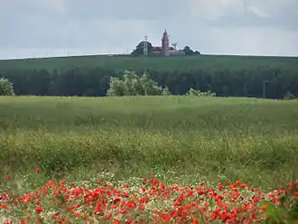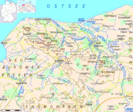 The ridge extends from northwest to southeast for about 23 kilometres and is between three and eight kilometres wide. The northwestern part is a ridge, eleven kilometres long, called the Driedrichshagener Berge ("Driedrichshagen Hills"), or – colloquially – simply "Kühlung". The Driedrichshagener Berge begin near the sea with the hill known as the Bastorfer Signalberg (height 78.8 metres), on which stands the landmark of the Bastorf Lighthouse. The northern slope of this ridge with its short valleys and deep, natural pits (Ger.: "Kuhlen") gave its name to the whole landscape. This slope is covered by a contiguous strip of forest, between 500 metres and one kilometre wide, with a total area of 6,300 hectares. Another important forest on the Kühlung is the Hütter Wohld in the east. In its longest valley there is a series of ponds, the Hüttener Klosterteiche, that are under a higher level of protection than the rest of the Kühlung. The Hütter Wohld is situated on the eastern edge of the eastern Kühlung, called Ivendorfer Höhen ("Ivendorf Heights"). This little upland is almost as broad as it is long. On its heights there are forests on the soil of former mosses. A little over half the Kühlung is used for fields and pasture.[1]
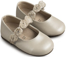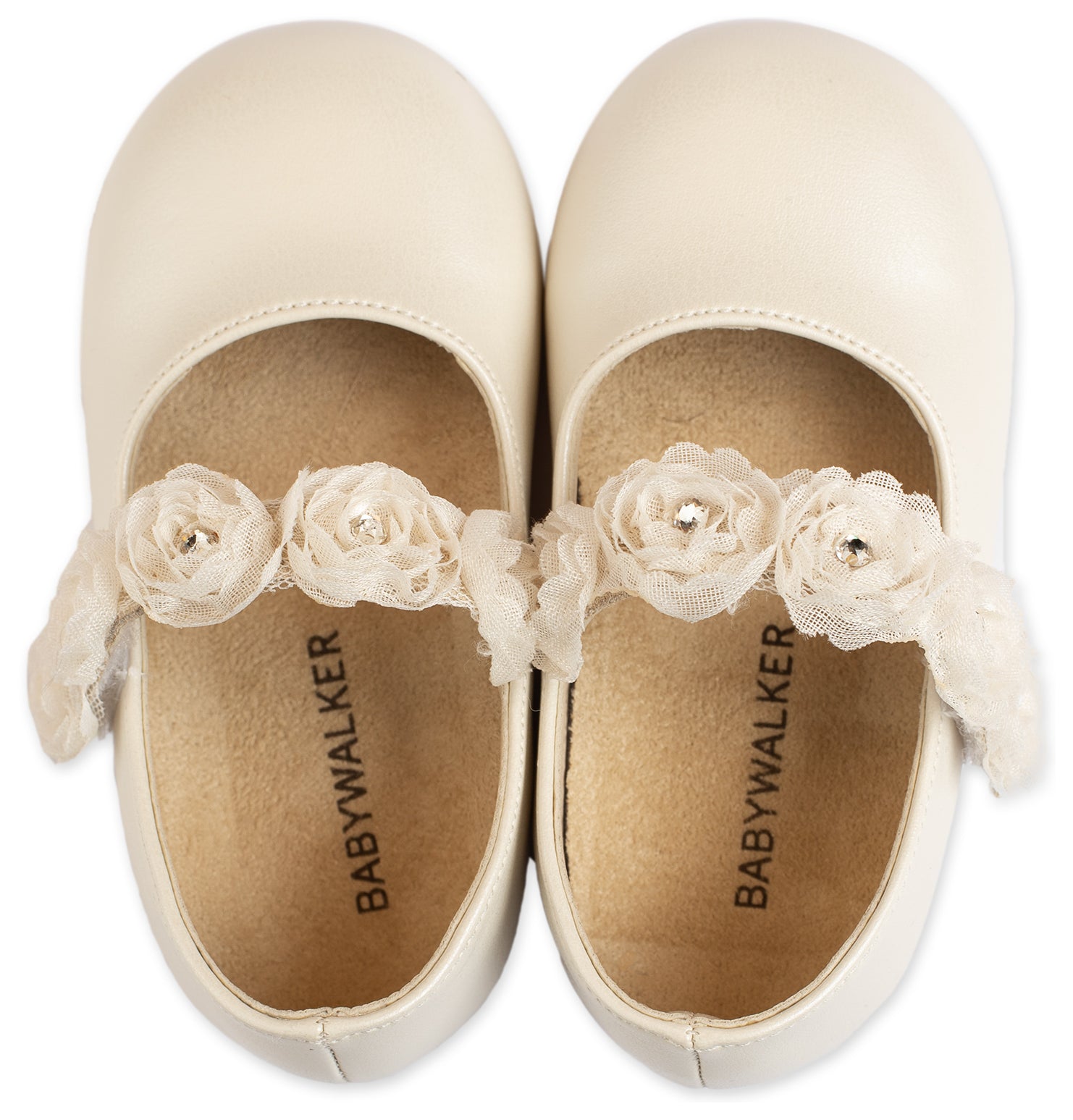 Δερμάτινο Γοβάκι Μονή Μπαρέτα με Chiffon Λουλούδια από Συνθετικό Δέρμα σε Εκρού χρώμα
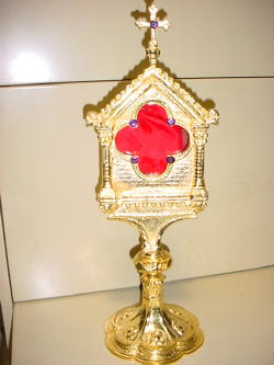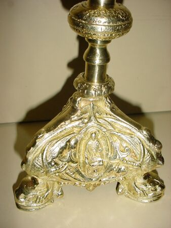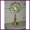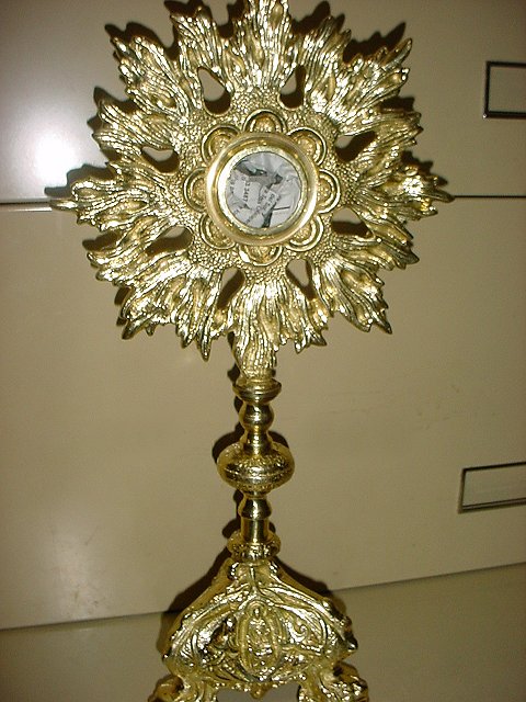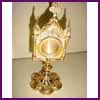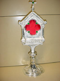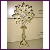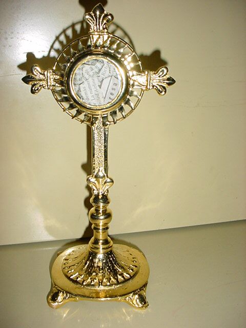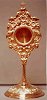 RELIQUARY Back In Stock! All brass reliquary stands 9 1/2" Tall has 2" chamber. Chamber opens to 1 1/2". Available in silver plate, and gold plate. |

### Task description
Going from the line holding "Δερμάτινο Γοβάκι Μονή" to the last line of the data above, reproduce every line exactly, both included, with the pictures omitted.

### Response to the task
 Δερμάτινο Γοβάκι Μονή Μπαρέτα με Chiffon Λουλούδια από Συνθετικό Δέρμα σε Εκρού χρώμα
 RELIQUARY Back In Stock! All brass reliquary stands 9 1/2" Tall has 2" chamber. Chamber opens to 1 1/2". Available in silver plate, and gold plate. |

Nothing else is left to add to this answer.